19-03-19 18:38:40 INFO metastore.HiveMetaStore: 0: Done cleaning up thread local RawStore

19-03-19 18:38:40 INFO HiveMetaStore.audit: ugi=root ip=unknown-ip-addr cmd=Done cleaning up thread local RawStore

19-03-19 18:38:40 ERROR tool.ImportTool: Import failed: java.io.IOException: Hive CliDriver exited with status=1

At org.apache.sqoop.hive.HiveImport.executeScript (HiveImport.java:355)

At org.apache.sqoop.hive.HiveImport.importTable (HiveImport.java:241)

At org.apache.sqoop.tool.ImportTool.importTable (ImportTool.java:537)

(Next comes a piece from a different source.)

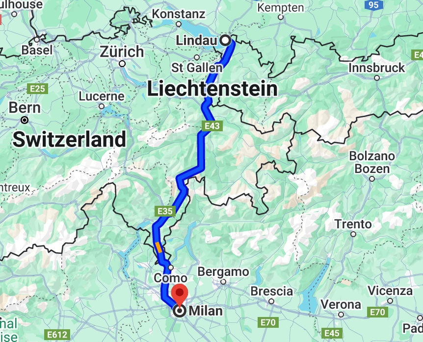 The Original Freight Route: Lindau, Germany to Milan, Italy.

At org.apache.sqoop.tool.ImportTool.run (ImportTool.java:628)

Solution:

Create table T1 (an int,b int) row format delimited fields terminated by'\ tmarker;-- delimiters must be added when creating tables

Sqoop import-connect jdbc:mysql://172.16.9.100/hive-username hive-password system-table TBL_PRIVS-target-dir / user/sqoop-direct-M1-fields-terminated-by'\ t'

At this point, the study on "the method of building sqoop1.4.7 environment and importing and exporting mysql data to hive" is over. I hope to be able to solve your doubts. The collocation of theory and practice can better help you learn, go and try it! If you want to continue to learn more related knowledge, please continue to follow the website, the editor will continue to work hard to bring you more practical articles!

Welcome to subscribe "Shulou Technology Information " to get latest news, interesting things and hot topics in the IT industry, and controls the hottest and latest Internet news, technology news and IT industry trends.

*The comments in the above article only represent the author's personal views and do not represent the views and positions of this website. If you have more insights, please feel free to contribute and share.